Since auditing a class takes up a seat, you likely need to gain permission from the course instructor. You may also need approval from your academic adviser and maybe even the dean of the college for the course you wish to survey. Surveying a course means you won't be awarded credits. Auditing a class interferes with the time you can spend on other courses that lead toward graduation, so you should understand the impact as well as the benefits of auditing.
You usually need to fill out specific paperwork so the instructor and the records office know you want to survey a class. Schools with online registration, such as the University of Minnesota, may have options allowing you to indicate you want to audit when you enroll simply by selecting from a drop-down menu. Others, such as Colorado State University, require students to fill out an audit form and submit it before the add-or-drop deadline.

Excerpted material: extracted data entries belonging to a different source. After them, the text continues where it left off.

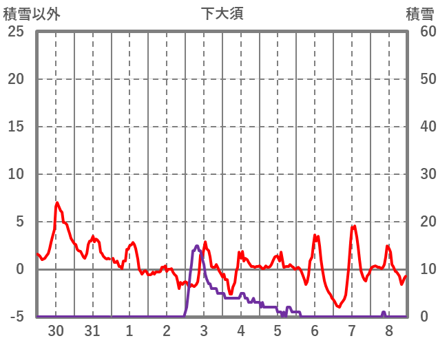 | 日 | 時 | 気温 | 降水 | 風向/風速 | 日照 | 積雪 | 降雪 |
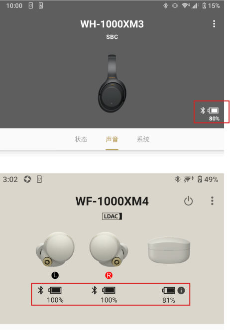 应用主界面清晰显示当前已连接的Sony耳机型号及其剩余电量,便于用户随时掌握设备状态。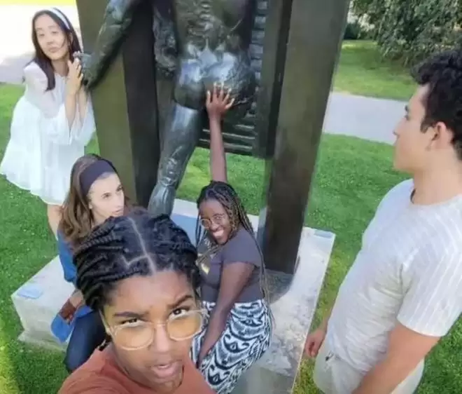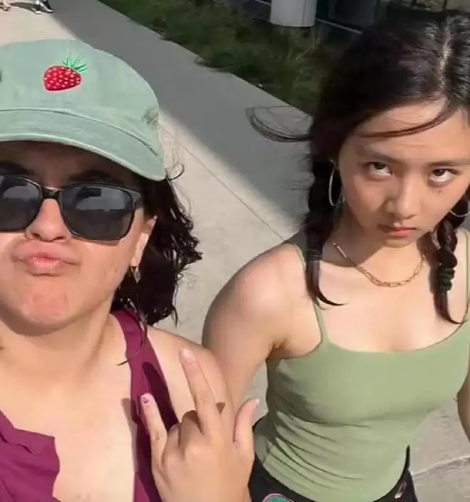 和同学们一起合影,也会刻意与男同学保持距离。她穿着黑色露脐T恤、黑色高腰裤,身体明显偏离一旁的男同学。青春期女孩子该有的矜持,在她身上一点也不少。

Check your school's requirements carefully before enrolling. At Monroe Community College in New York, for instance, students cannot change regular enrollment status to audit status after signing up for credit and must complete a different process to audit.
You will likely have to pay for a class you audit just as you would for one you take for credit. Schools typically charge tuition and fees on the same per-credit basis as they do for courses you take for credit. Some schools, such as the University of North Texas in Denton, offer special deals for older students. There, students at least 65 years old may audit courses without paying any tuition or fees if seats are available. The University of Florida in Gainesville offers similar waivers for Florida residents ages 60 or older, and Monroe Community College in New York also waives tuition for seniors.
Complete the Course
Students surveying a course sit in on lectures and may take part in class conversations and activities, but they do not generally take tests or turn in assignments. A course you audited will typically appear on your transcript but it won't have a grade. Instead, you will see a designation for the audit, such as University of Minnesota's "V" indicating "visitor" or "AU" from Colorado State University. Students auditing a course to obtain continuing education units, such as courses needed for teachers, health-care professionals and certified public accountants, should carefully evaluate the school's policy regarding CEUs. For example, at University of Florida, the course instructor determines if an auditing student receives CEUs, which do not appear on the school transcript.